# Supplied records

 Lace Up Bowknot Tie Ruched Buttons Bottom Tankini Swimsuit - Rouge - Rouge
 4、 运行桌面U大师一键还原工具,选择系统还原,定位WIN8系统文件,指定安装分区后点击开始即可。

...

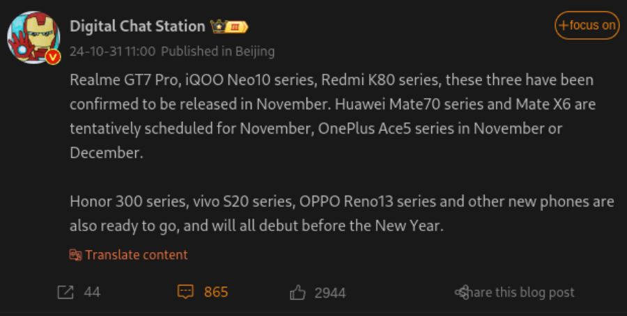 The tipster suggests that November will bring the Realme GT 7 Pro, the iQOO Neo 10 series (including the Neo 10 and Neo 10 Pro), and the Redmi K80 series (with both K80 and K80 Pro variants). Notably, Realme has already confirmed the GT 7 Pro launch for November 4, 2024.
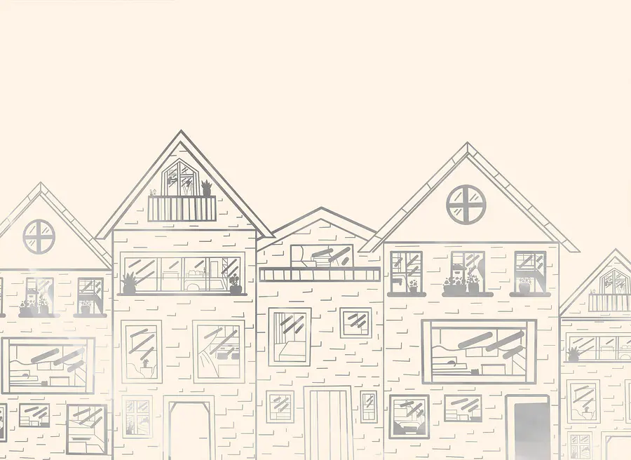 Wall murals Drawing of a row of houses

...

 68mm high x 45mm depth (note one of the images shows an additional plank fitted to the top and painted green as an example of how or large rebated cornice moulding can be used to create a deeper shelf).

# The problem
After locating the line with "Lace Up Bowknot" above, return that line and every later line through the one with "4、 运行桌面U大师一键还原", word for word and with nothing else.

# Completed task
 Lace Up Bowknot Tie Ruched Buttons Bottom Tankini Swimsuit - Rouge - Rouge
 4、 运行桌面U大师一键还原工具,选择系统还原,定位WIN8系统文件,指定安装分区后点击开始即可。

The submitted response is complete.